Task brief:
Set down, word for word, every line of the material below from the one containing "Максим Сологубов ." through the one containing "Offre spéciale à", but none of its pictures.
──────── Records to use ────────
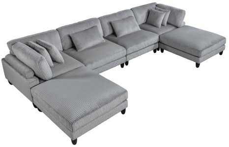Create a versatile and comfortable living space with this gray corduroy 6-piece modular sectional, featuring a single ottoman for added relaxation and configuration options. The modular design, including two corner seats, two armless chairs, and two ottomans, allows for numerous arrangements to perfectly fit your room and lifestyle.Read More
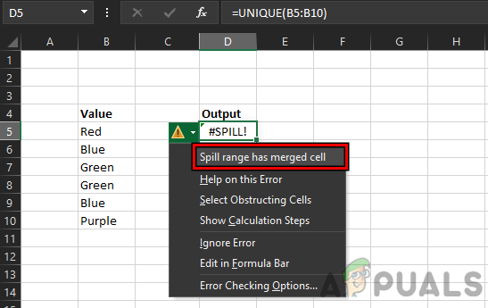 A user may encounter the #spill error in Excel if the Spill Range contains merged cells. Here, unmerging the merged cells in the Spill Range may clear the #spill error.
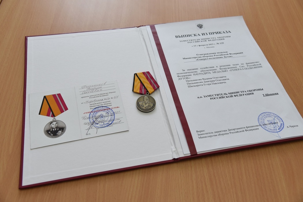Медалью Минобороны «Генерал-полковник Дутов» награждён глава городского округа Дегтярск Свердловской области Вадим Пильников . Награду мэру Дегтярска вручил Врио начальника филиала «48 Центрального научно исследовательского института» Министерства обороны РФ, полковник Максим Сологубов .
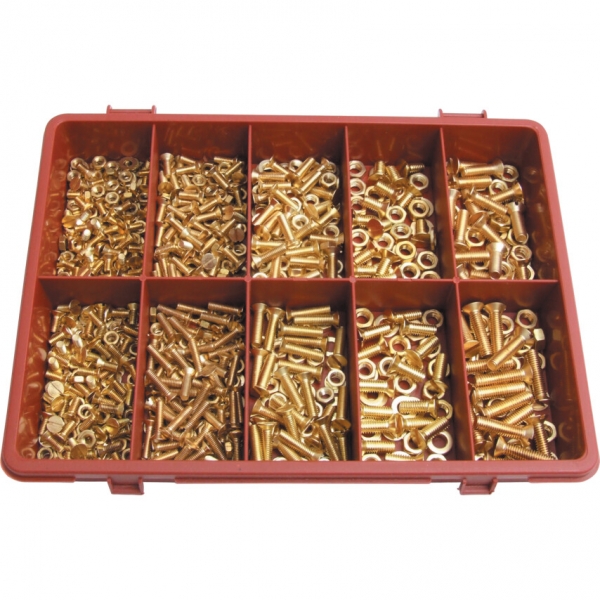 SÁRGARÉZ EGYHORNYÚ SÜLLY. FEJŰ TÖVIGMENETES ANYACSAVAR ÉS ALÁTÉTGYŰRŰ KÉSZLET
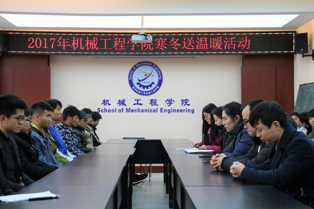 2017年12月18日,为切实解决家庭经济困难的学生寒冬御寒问题,关心和帮助经济困难同学,为他们送去温暖,Beat365中文官方网站在十教320会议室举行了寒冬送温暖活动。Beat365中文官方网站党委副书记李婉丽老师、各级辅导员老师及受助学生共同参加了此次活动。
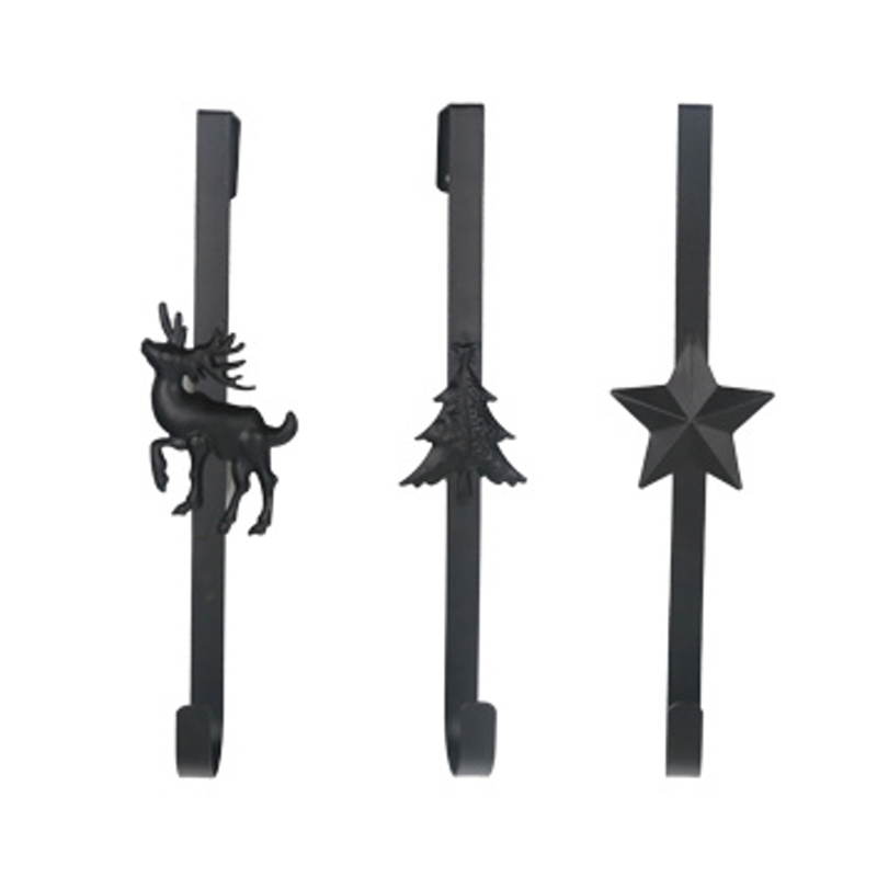Vánoční kovový hák na dveře s hvězdou, stromem nebo jelenem, černý, 29 cm
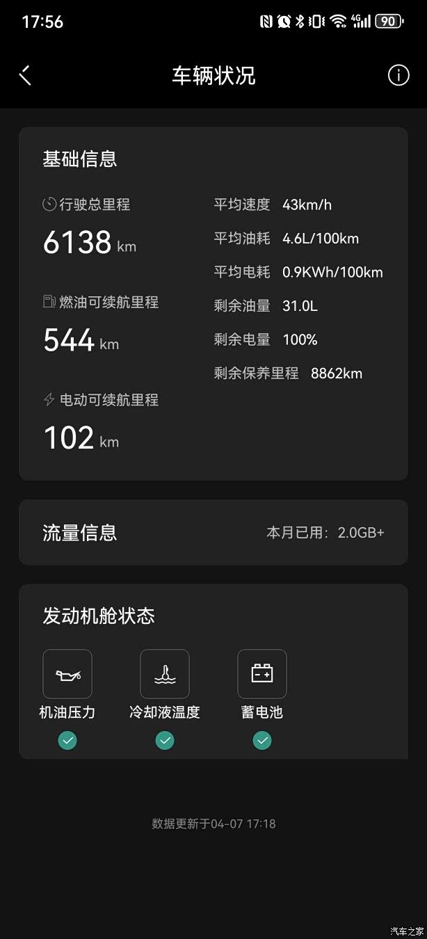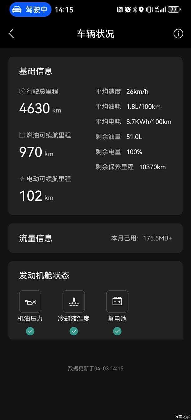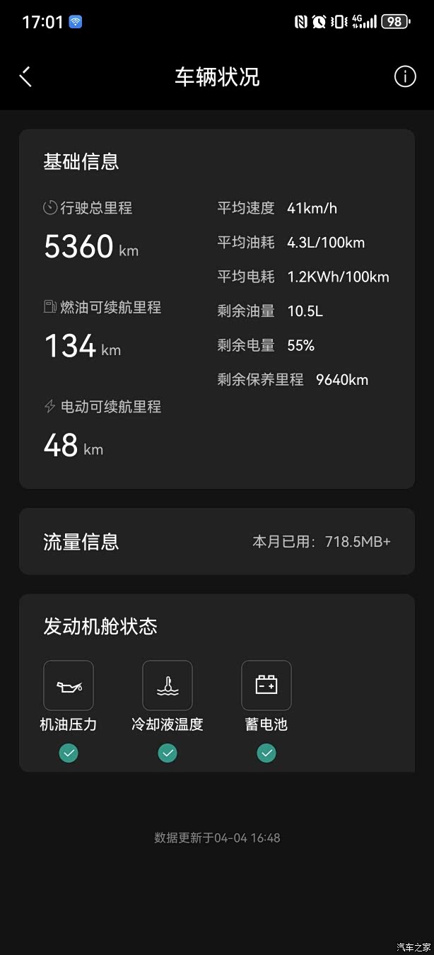 4月3号出发时满油满电,车上2个人。由于一路上非常堵车,4月4号下午才到目的地,到的时候跑了730公里,51升油剩余10.5升,电量开了智能保电还剩55%也就是10.45度,另外在半路上有充过10度电。
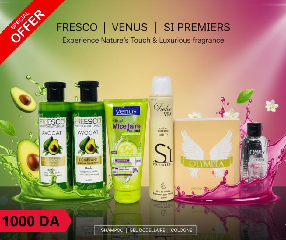 Offre spéciale à 1000 DA : Profitez d’une expérience de soins luxueux avec la collection Fresco, Venus, et Si Premiers ! Un shampoing et un démêlant à l’avocat pour des cheveux nourris, un gel micellaire pour un soin de la peau, un parfum Olympea envoûtant et une cologne Lovely pour compléter votre routine. Laissez-vous séduire par la nature et la douceur dans cette offre exceptionnelle !
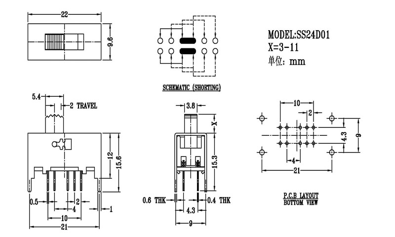 Slide Switch Main data Rating:DC 50V 0.3A~1A ContactResistance:< 100 mΩ InsulationResistance:≥ 100 MΩ Withstand Voltage:500V AC for 1 minute Operating Force:180~500gf Life cycles:10000次 Operationg Temperature:-16℃to+60℃ Storage Temperature:-40℃to+85℃ Complies with:RoHs&Reach
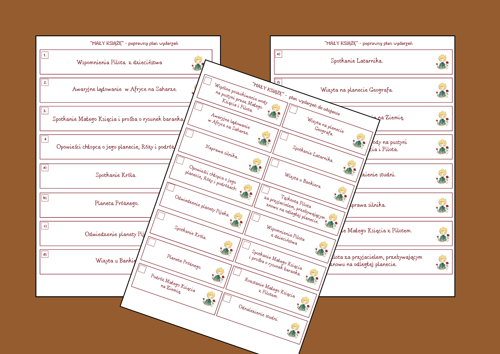 Materiał zawiera fiszki w 3 wersjach planu wydarzeń (pdf, format A4) dotyczącego treści „Małego Księcia”: wersja planu poprawnego i wersja do ułożenia dla uczniów (można ją rozdać uczniom, by mogli – po wycięciu i ułożeniu – wkleić poprawny plan do zeszytu), większy format – wersja do ułożenia dla grup ( można ją po wydrukowaniu zalaminować, by posłużyła dłużej i wyciąć).
────────
Result of the task:
Медалью Минобороны «Генерал-полковник Дутов» награждён глава городского округа Дегтярск Свердловской области Вадим Пильников . Награду мэру Дегтярска вручил Врио начальника филиала «48 Центрального научно исследовательского института» Министерства обороны РФ, полковник Максим Сологубов .
 SÁRGARÉZ EGYHORNYÚ SÜLLY. FEJŰ TÖVIGMENETES ANYACSAVAR ÉS ALÁTÉTGYŰRŰ KÉSZLET
 2017年12月18日,为切实解决家庭经济困难的学生寒冬御寒问题,关心和帮助经济困难同学,为他们送去温暖,Beat365中文官方网站在十教320会议室举行了寒冬送温暖活动。Beat365中文官方网站党委副书记李婉丽老师、各级辅导员老师及受助学生共同参加了此次活动。
Vánoční kovový hák na dveře s hvězdou, stromem nebo jelenem, černý, 29 cm
 4月3号出发时满油满电,车上2个人。由于一路上非常堵车,4月4号下午才到目的地,到的时候跑了730公里,51升油剩余10.5升,电量开了智能保电还剩55%也就是10.45度,另外在半路上有充过10度电。
 Offre spéciale à 1000 DA : Profitez d’une expérience de soins luxueux avec la collection Fresco, Venus, et Si Premiers ! Un shampoing et un démêlant à l’avocat pour des cheveux nourris, un gel micellaire pour un soin de la peau, un parfum Olympea envoûtant et une cologne Lovely pour compléter votre routine. Laissez-vous séduire par la nature et la douceur dans cette offre exceptionnelle !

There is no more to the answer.